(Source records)
::::::::
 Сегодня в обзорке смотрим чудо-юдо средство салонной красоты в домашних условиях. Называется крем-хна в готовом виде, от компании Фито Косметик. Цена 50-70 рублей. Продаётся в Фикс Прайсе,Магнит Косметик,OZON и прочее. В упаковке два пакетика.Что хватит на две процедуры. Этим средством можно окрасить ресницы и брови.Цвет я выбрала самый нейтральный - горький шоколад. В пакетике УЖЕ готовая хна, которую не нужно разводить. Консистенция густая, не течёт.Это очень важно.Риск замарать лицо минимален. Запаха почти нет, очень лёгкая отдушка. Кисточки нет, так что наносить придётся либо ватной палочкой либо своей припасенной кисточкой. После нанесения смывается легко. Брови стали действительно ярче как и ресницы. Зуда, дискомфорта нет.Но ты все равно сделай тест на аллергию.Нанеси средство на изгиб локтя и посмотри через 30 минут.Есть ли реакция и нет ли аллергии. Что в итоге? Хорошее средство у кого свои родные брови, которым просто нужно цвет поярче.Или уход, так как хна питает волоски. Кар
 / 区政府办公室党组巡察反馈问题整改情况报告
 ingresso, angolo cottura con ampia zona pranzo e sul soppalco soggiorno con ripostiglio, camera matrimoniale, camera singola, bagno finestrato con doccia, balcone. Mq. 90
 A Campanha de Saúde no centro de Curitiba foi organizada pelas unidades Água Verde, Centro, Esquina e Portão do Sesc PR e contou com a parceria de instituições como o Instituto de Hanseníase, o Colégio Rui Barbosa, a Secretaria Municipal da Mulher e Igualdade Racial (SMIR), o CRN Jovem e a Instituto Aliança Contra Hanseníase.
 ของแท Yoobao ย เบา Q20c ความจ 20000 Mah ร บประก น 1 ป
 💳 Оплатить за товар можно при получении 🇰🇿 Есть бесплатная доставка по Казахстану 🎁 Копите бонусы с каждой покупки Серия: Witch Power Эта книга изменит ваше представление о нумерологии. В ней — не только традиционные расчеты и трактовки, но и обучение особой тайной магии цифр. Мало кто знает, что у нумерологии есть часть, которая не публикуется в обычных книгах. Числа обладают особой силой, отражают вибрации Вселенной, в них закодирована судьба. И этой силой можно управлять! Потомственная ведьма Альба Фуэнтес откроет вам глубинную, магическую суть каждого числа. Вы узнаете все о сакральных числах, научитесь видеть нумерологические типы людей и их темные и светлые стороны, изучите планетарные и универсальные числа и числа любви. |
::::::::
Exercise objective => Exactly the lines above from the one with "ingresso, angolo cottura" to the one with "ของแท Yoobao ย", both included, are to be quoted; leave the rest out.

Answer below =>
 ingresso, angolo cottura con ampia zona pranzo e sul soppalco soggiorno con ripostiglio, camera matrimoniale, camera singola, bagno finestrato con doccia, balcone. Mq. 90
 A Campanha de Saúde no centro de Curitiba foi organizada pelas unidades Água Verde, Centro, Esquina e Portão do Sesc PR e contou com a parceria de instituições como o Instituto de Hanseníase, o Colégio Rui Barbosa, a Secretaria Municipal da Mulher e Igualdade Racial (SMIR), o CRN Jovem e a Instituto Aliança Contra Hanseníase.
 ของแท Yoobao ย เบา Q20c ความจ 20000 Mah ร บประก น 1 ป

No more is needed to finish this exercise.